Toll-like receptor 4 (TLR4) signaling in the trigeminal ganglion mediates facial mechanical and thermal hyperalgesia in rats.

机构信息

Department of Pharmacology, Biological Sciences Building, Federal University of Parana, 210 Cel. Francisco H. dos Santos Ave, Curitiba 81531-970, PR, Brazil.

Department of Pharmacology, Biological Sciences Building, Federal University of Parana, 210 Cel. Francisco H. dos Santos Ave, Curitiba 81531-970, PR, Brazil.

出版信息

Physiol Behav. 2020 Nov 1;226:113127. doi: 10.1016/j.physbeh.2020.113127. Epub 2020 Aug 7.

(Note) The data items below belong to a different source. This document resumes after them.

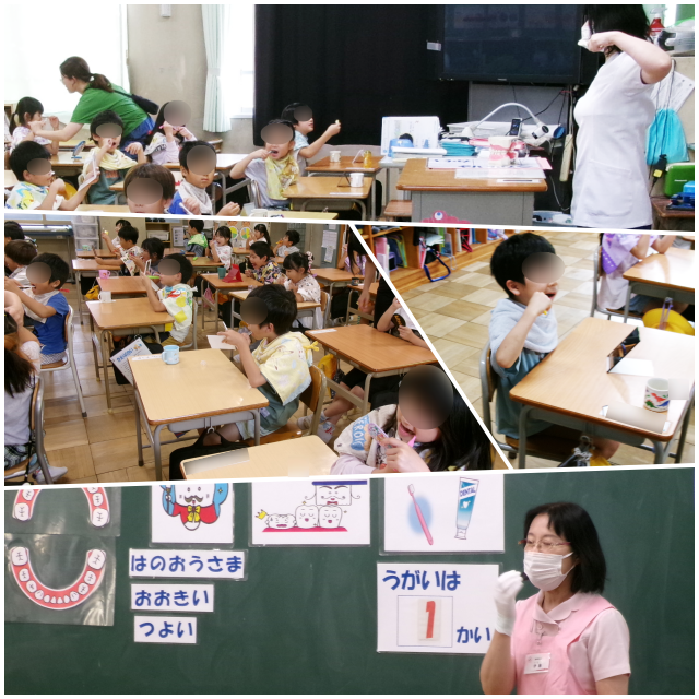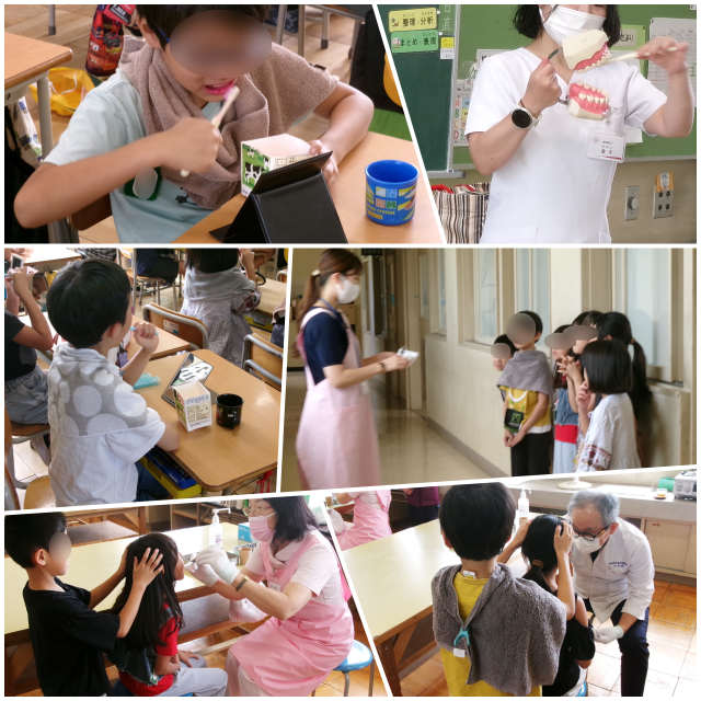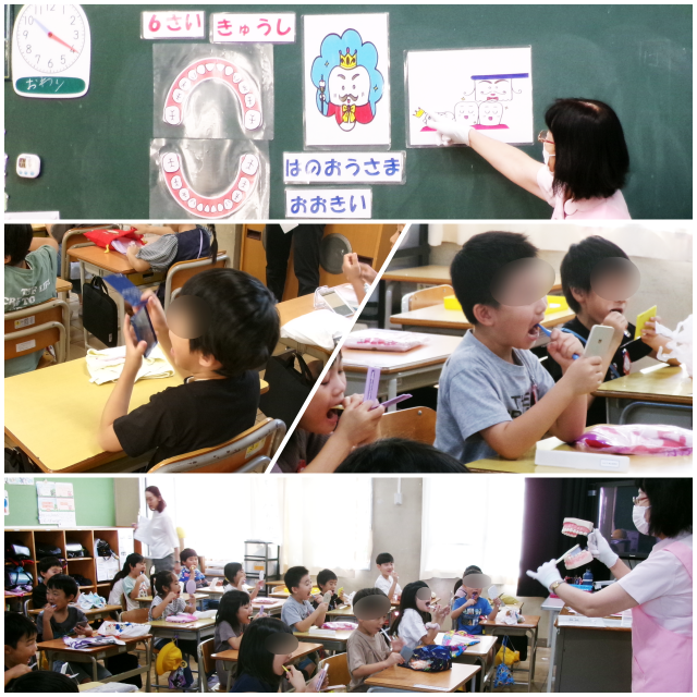 1・2・3年生が対象でしたが、それぞれの学年では、歯科衛生士さんから「六歳臼歯」の磨き方を教えていただいたり、歯を染め出したあとに歯磨きを実際に行って全体の流れや自分が磨き残しやすい箇所を確認したり、部位によって手の向きを変えるとよいことなどを教えていただいたりしていました。
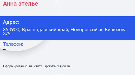 Анна, ателье по адресу 353900, Краснодарский край, Новороссийск, Бирюзова, 3/5 в дальнейшем Организация, размещена в следующих категориях:
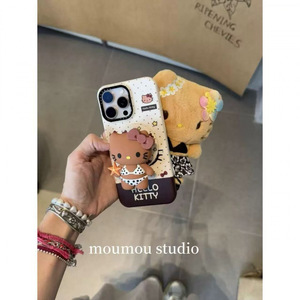 黑皮比基尼猫咪磁吸壳+波点比基尼棕凯蒂磁吸支架
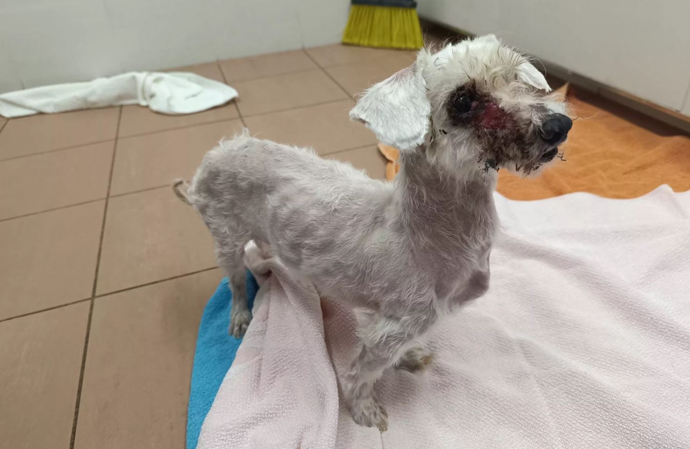 Dort angekommen, wurde der Rüde sofort versorgt und auf den Namen "Winnie" getauft. Der Hund war offenbar aus einem Foltergefängnis der Tierhaltung entkommen: In seiner rechten Gesichtshälfte klaffte eine verkrustete, verschmutzte Wunde, die sich bis zur Nase zog – offenbar über einen langen Zeitraum unbehandelt. Beide Augen waren entzündet, das rechte so schwer, dass sich bereits ein sogenanntes Cherry Eye entwickelt hatte. Zudem hatte der kleine Hund keinen einzigen Zahn mehr im Maul. Beim Scheren kam ein abgemagerter, geschwächter Körper zum Vorschein – gezeichnet von Schmerz, Vernachlässigung und Leid.
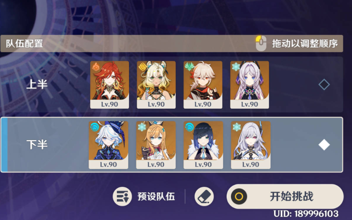 大概说一下以前的打法,基本每一期都是固定的,上半是琴+胡桃+夜兰+钟离,最近把琴换成行秋了...下半是凌人固定,其他的稍有些不固定,但基本是七七+甘雨+雷电将军+诺艾尔之类的样子。班尼特啥的一次都没用

DOI:10.1016/j.physbeh.2020.113127
PMID:32777313
Abstract

There is increasing evidence that the toll-like receptor 4 (TLR4) signaling pathway contribute to development of hyperalgesia in the trigeminal system. The aim of the present study was to investigate the role of TLR4 in the trigeminal ganglion (TG) in facial hyperalgesia induced by injection of Lipopolysaccharide (LPS) or intraoral mucosal incision, which is an orofacial postoperative pain model, in male Wistar rats. The TLR4 antagonist (LPS-RS, 20 µg/10 µL) was administrated 30 min before LPS injection into the TG (10 µg/10 µL) or oral mucosa (10 µg/50 µL). In the postoperative pain model, rats were treated with LPS-RS (20 µg/10 µL) into the TG for three consecutive days after the incision. Facial heat and mechanical hyperalgesia were assessed hourly after LPS injection or intraoral incision. In addition, expression of NFκB was assessed in the TG on day 3 after intraoral incision. Our results showed that blockade of TLR4 in the TG attenuated facial heat and mechanical hyperalgesia induced by LPS or by mucosal incision, and that both conditions are associated to increase of phosphorylated NFκB in the TG. In conclusion, the present study suggests that activation of TLR4-NFκB signaling pathway in the TG contributes to the development of facial heat and mechanical hyperalgesia and may contribute to pain in inflammatory oral conditions.

摘要

越来越多的证据表明,Toll 样受体 4(TLR4)信号通路参与了三叉神经系统中痛觉过敏的发展。本研究旨在探讨 TLR4 在三叉神经节(TG)中的作用,该作用与脂多糖(LPS)或口腔黏膜切开引起的面部痛觉过敏有关,这是一种口腔术后疼痛模型,在雄性 Wistar 大鼠中进行。TLR4 拮抗剂(LPS-RS,20µg/10µL)在 TG 中注射 LPS(10µg/10µL)或口腔黏膜(10µg/50µL)前 30 分钟给予。在术后疼痛模型中,在切口后连续 3 天,将 LPS-RS(20µg/10µL)给予 TG。在 LPS 注射或口腔内切口后每小时评估面部热和机械性痛觉过敏。此外,还在口腔内切口后第 3 天评估 TG 中 NFκB 的表达。我们的结果表明,TG 中 TLR4 的阻断减轻了 LPS 或黏膜切开引起的面部热和机械性痛觉过敏,并且这两种情况都与 TG 中磷酸化 NFκB 的增加有关。总之,本研究表明,TG 中 TLR4-NFκB 信号通路的激活导致了面部热和机械性痛觉过敏的发展,并且可能与炎症性口腔状况下的疼痛有关。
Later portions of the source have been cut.